PROBLEM TO SOLVE:
Would you return, word for word, the lines of the data below from the line with "The menu at" through the line with "Футболка оверсайз для", and no others?

[EXERCISE DATA Boundary: Start]

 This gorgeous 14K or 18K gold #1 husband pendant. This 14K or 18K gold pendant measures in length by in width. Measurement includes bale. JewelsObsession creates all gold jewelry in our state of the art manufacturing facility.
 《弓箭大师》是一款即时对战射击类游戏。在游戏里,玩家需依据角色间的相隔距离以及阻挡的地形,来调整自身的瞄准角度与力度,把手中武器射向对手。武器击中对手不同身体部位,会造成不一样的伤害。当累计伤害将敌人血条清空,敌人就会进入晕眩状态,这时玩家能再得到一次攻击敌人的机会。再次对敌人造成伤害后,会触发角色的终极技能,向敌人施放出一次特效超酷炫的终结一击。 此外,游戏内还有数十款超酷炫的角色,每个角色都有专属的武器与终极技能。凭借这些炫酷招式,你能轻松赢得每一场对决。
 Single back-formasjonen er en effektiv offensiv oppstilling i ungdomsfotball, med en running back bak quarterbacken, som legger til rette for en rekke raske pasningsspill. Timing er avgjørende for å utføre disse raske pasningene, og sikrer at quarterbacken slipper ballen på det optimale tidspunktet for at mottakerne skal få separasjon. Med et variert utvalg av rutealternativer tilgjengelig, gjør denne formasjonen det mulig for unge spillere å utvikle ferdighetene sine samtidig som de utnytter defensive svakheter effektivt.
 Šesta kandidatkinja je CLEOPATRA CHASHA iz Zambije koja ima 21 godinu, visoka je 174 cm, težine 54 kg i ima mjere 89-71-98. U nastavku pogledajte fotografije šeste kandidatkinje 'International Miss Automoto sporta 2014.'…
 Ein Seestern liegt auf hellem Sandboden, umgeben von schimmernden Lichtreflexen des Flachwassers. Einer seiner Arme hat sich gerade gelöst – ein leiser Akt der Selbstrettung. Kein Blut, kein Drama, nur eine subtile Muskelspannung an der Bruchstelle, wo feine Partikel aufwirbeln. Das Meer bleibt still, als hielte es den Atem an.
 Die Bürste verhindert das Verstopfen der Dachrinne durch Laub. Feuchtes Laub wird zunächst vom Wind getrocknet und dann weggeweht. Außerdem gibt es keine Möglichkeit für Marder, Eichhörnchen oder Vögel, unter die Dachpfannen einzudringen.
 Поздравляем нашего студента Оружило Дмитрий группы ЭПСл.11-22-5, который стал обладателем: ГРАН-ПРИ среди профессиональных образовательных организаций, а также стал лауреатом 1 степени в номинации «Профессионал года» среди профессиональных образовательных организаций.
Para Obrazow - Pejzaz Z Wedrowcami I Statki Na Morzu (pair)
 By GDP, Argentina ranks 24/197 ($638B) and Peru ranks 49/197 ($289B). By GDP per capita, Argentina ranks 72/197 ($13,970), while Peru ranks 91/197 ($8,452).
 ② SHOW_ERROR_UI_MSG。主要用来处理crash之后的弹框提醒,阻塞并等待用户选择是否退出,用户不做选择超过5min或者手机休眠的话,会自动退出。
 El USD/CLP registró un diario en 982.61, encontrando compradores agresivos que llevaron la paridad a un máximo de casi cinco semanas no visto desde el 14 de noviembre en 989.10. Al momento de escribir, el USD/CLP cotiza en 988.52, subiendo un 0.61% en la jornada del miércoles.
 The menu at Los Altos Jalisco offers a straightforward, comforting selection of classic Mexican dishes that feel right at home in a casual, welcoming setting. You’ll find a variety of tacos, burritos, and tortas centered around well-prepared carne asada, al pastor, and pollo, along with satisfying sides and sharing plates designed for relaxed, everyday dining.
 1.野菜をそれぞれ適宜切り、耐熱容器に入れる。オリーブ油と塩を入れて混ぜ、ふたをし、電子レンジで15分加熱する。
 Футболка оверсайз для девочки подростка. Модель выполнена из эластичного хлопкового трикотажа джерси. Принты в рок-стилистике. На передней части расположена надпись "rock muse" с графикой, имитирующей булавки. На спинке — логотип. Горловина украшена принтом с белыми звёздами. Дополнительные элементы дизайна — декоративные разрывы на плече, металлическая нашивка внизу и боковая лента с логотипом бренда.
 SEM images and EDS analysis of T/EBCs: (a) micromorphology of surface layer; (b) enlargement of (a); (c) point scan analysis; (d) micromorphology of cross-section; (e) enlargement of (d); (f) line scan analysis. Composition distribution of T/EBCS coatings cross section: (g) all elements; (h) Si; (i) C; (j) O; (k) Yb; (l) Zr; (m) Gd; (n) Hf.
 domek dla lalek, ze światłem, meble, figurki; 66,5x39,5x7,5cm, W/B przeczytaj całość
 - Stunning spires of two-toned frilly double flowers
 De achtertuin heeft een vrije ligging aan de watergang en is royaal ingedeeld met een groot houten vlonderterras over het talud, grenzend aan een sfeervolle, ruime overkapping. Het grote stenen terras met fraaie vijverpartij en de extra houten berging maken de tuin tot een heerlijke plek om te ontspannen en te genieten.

[EXERCISE DATA Boundary: End]

ANSWER AREA:
 The menu at Los Altos Jalisco offers a straightforward, comforting selection of classic Mexican dishes that feel right at home in a casual, welcoming setting. You’ll find a variety of tacos, burritos, and tortas centered around well-prepared carne asada, al pastor, and pollo, along with satisfying sides and sharing plates designed for relaxed, everyday dining.
 1.野菜をそれぞれ適宜切り、耐熱容器に入れる。オリーブ油と塩を入れて混ぜ、ふたをし、電子レンジで15分加熱する。
 Футболка оверсайз для девочки подростка. Модель выполнена из эластичного хлопкового трикотажа джерси. Принты в рок-стилистике. На передней части расположена надпись "rock muse" с графикой, имитирующей булавки. На спинке — логотип. Горловина украшена принтом с белыми звёздами. Дополнительные элементы дизайна — декоративные разрывы на плече, металлическая нашивка внизу и боковая лента с логотипом бренда.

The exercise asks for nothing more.